Tuesday, August 7, 2012


During the summer of 1935, Briony Tallis is standing on the brink of adulthood. She is beginning to notice the world around her but she doesn't quite understand it. She is frustrated by her cousin's unwillingness to listen to her and she is confused by the flirtation between her older sister, Cecilia, and Robbie, the son of a servant. In a moment of naive youth and misunderstanding, Briony accuses Robbie of an act he did not commit. But her lies, malicious or not, have repercussions that no one could have predicted.

The overall plot of Atonement is, in actuality, very simple. But McEwan takes this simple plot and infuses it with heart. Briony, Cecilia, and Robbie start the novel as entirely fleshed out people. They seem so real, their emotions and motivations so clear, that it is almost as if they could walk off the page. As the novel drags on, Cecilia's voice is lost when McEwan decides to no longer narrate from her perspective. That may be one of the reasons that Part One is the most striking section of the book. It is beautifully written--taking the time to really explore the ideas of misunderstanding, intentions, and transformations. McEwan does not take the easy route in this novel, instead he creates an honest and real story. He does not simply paint Briony as this villainous, self-centered monster nor does he portray Robbie and Cecilia as wounded victims.

The second and third parts seem to loose focus--McEwan takes a lot of time and many pages to recount monotonous details about military and nursing life during World War II. The story of Cecilia and Robbie becomes a bit lost. In the end of Part Three and in Part Four, the story refocuses its lens away from war and death to the main trio. The ending speaks to our desire for happy endings in a world filled with tragedy. Briony needs Robbie and Cecilia to be together. She needs their love to be stronger than the pain of war and the consequences of her actions. She needs to atone for her actions. We like to think that we abandon the need for fairy-tale endings when we grow up.

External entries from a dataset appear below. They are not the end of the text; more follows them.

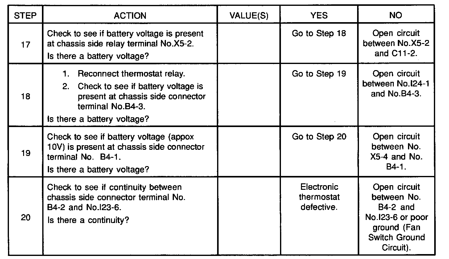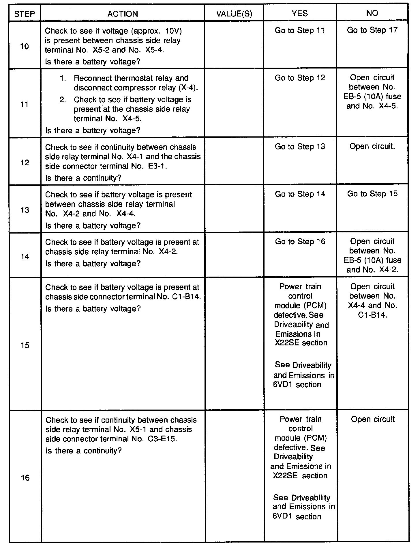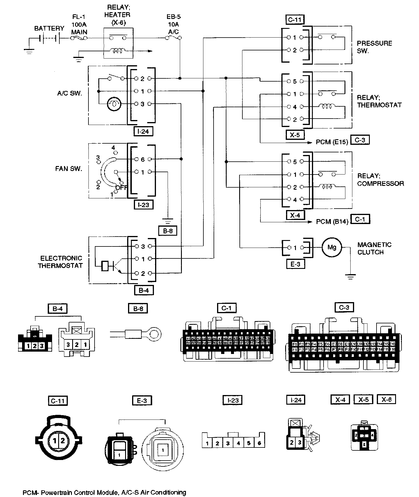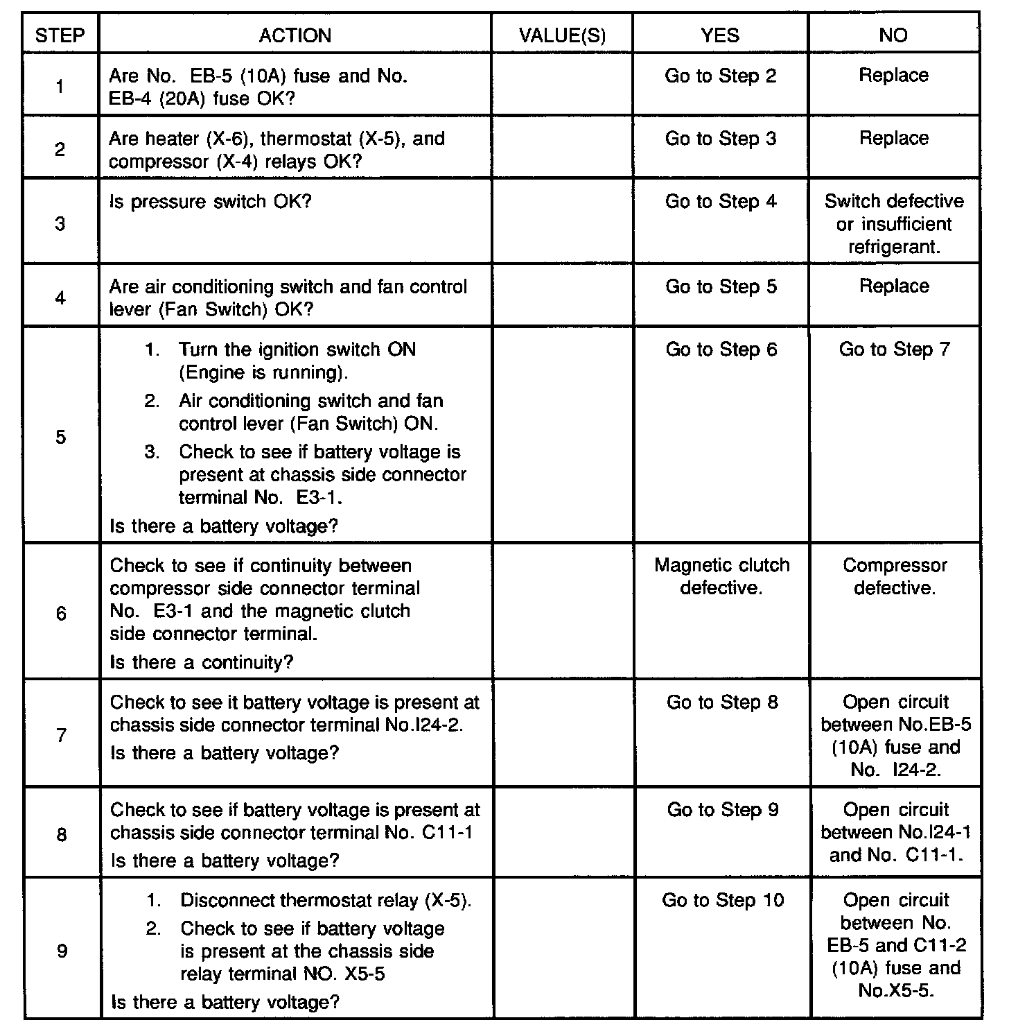 The air conditioning can be stopped by turning of the air conditioning switch or the fan control knob (fan switch). However, even when the air conditioning is in operation, the electronic thermostat, the pressure switch or the Powertrain Control Module / Engine Control Module is used to stop the air conditioning temporarily by turning off the magnetic clutch in the prearranged conditions to reduce the engine load which is being caused by the rise in the engine coolant temperature, and the acceleration of the vehicle, etc. For the inspection of the relays, switches and units in the table.
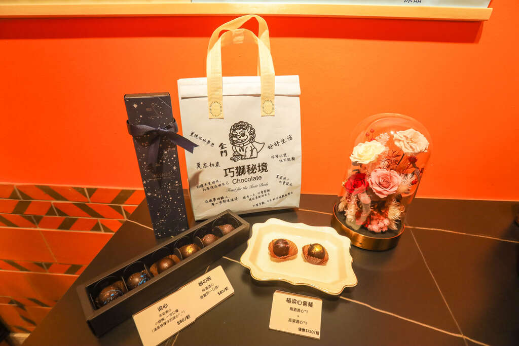 店内的招牌「酒心巧克力-原酿21高粱」令人垂涎,金色外层包覆着原酿21金门高粱酒的香醇,入口即化的巧克力带来微醺的惊喜,完美呈现金门的酒文化。店内提供精致巧克力礼盒,适合作为伴手礼或节庆赠品,让巧克力在艺术感的包装中传递心意。
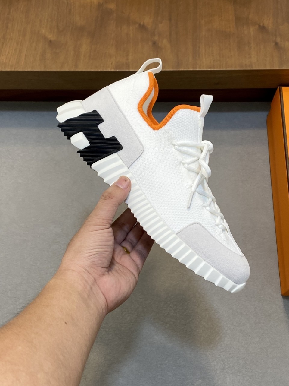 에르메스 화이트 & 오렌지 디테일 스니커즈는 순백의 화이트 베이스에 오렌지 포인트를 더해,
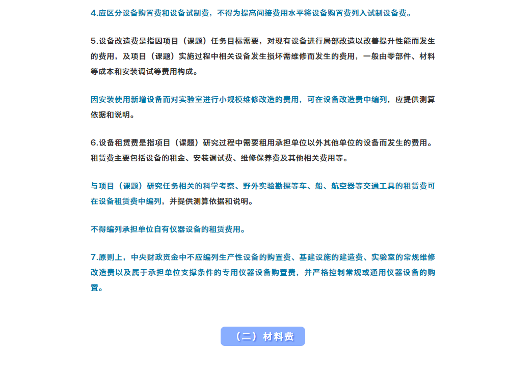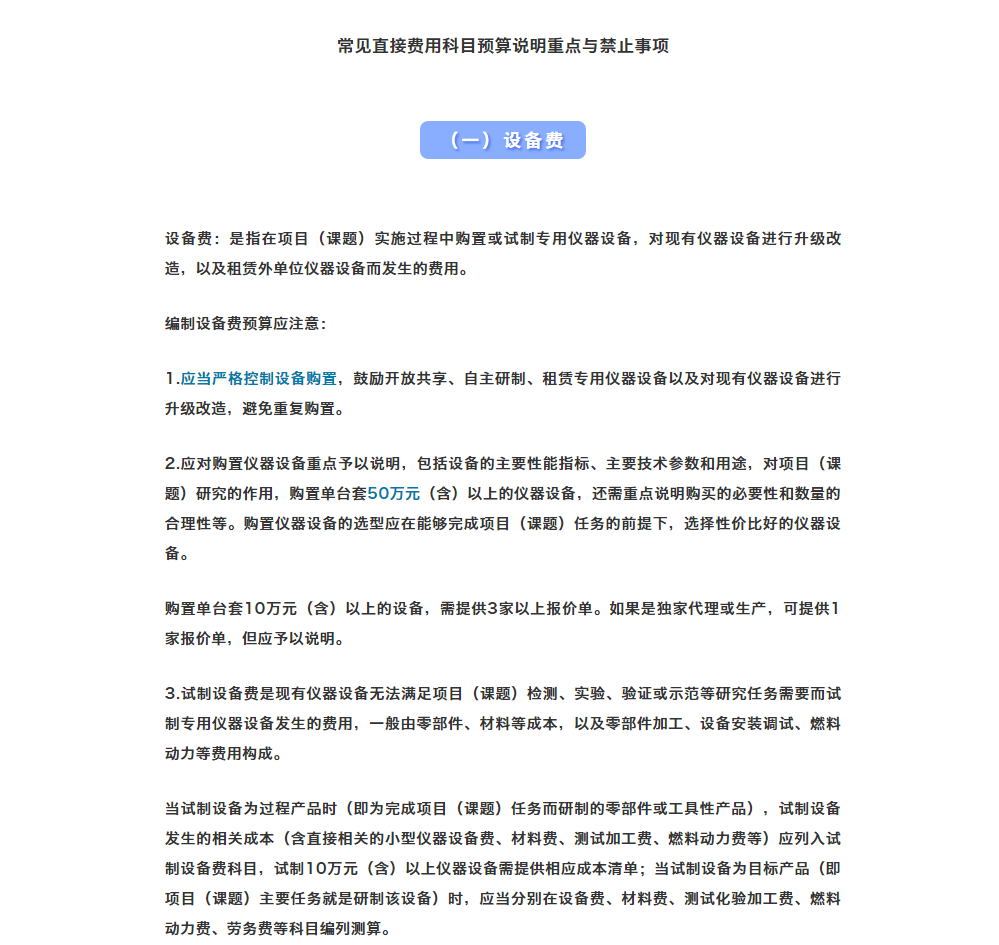 設(shè)備費(fèi):是指在項(xiàng)目(課題)實(shí)施過(guò)程中購(gòu)置或試制專(zhuān)用儀器設(shè)備,對(duì)現(xiàn)有儀器設(shè)備進(jìn)行升級(jí)改造,以及租賃外單位儀器設(shè)備而發(fā)生的費(fèi)用。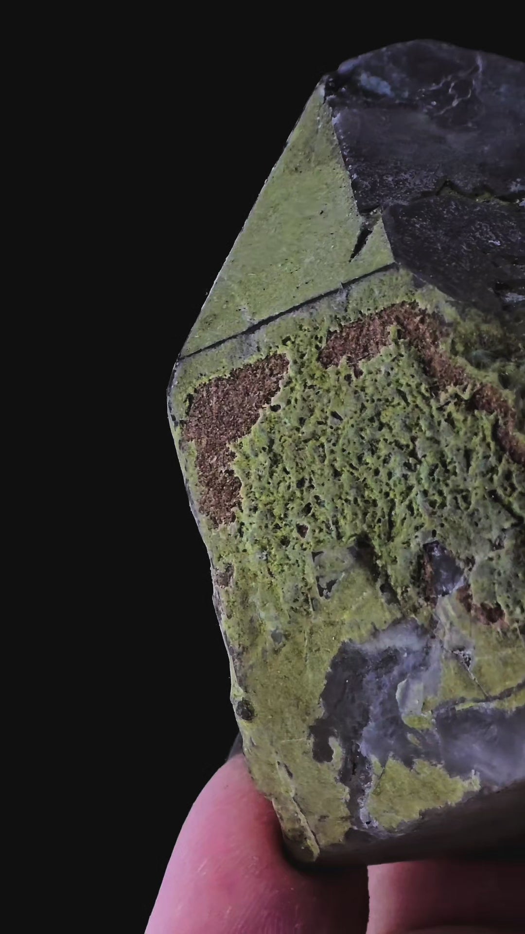 This striking specimen features quartz richly coated with vibrant green malachite, sourced from the famed Messina mine in South Africa. The piece showcases a rare and dramatic contrast of textures: the velvety malachite overlay is unique.

Atonement is a difficult read. I tried it once before. I even remember reading it while I waited in line to get my driver's license. It's only been three years but I read the book completely differently. It's probably because I matured a bit--because I know for a fact that it's pretty much stayed the same. It is a hard book to tackle but in the end it is so rewarding. It challenges readers to think about the things we take for granted--like the moment when our unconscious thought becomes action--and to think complexly about the world around us.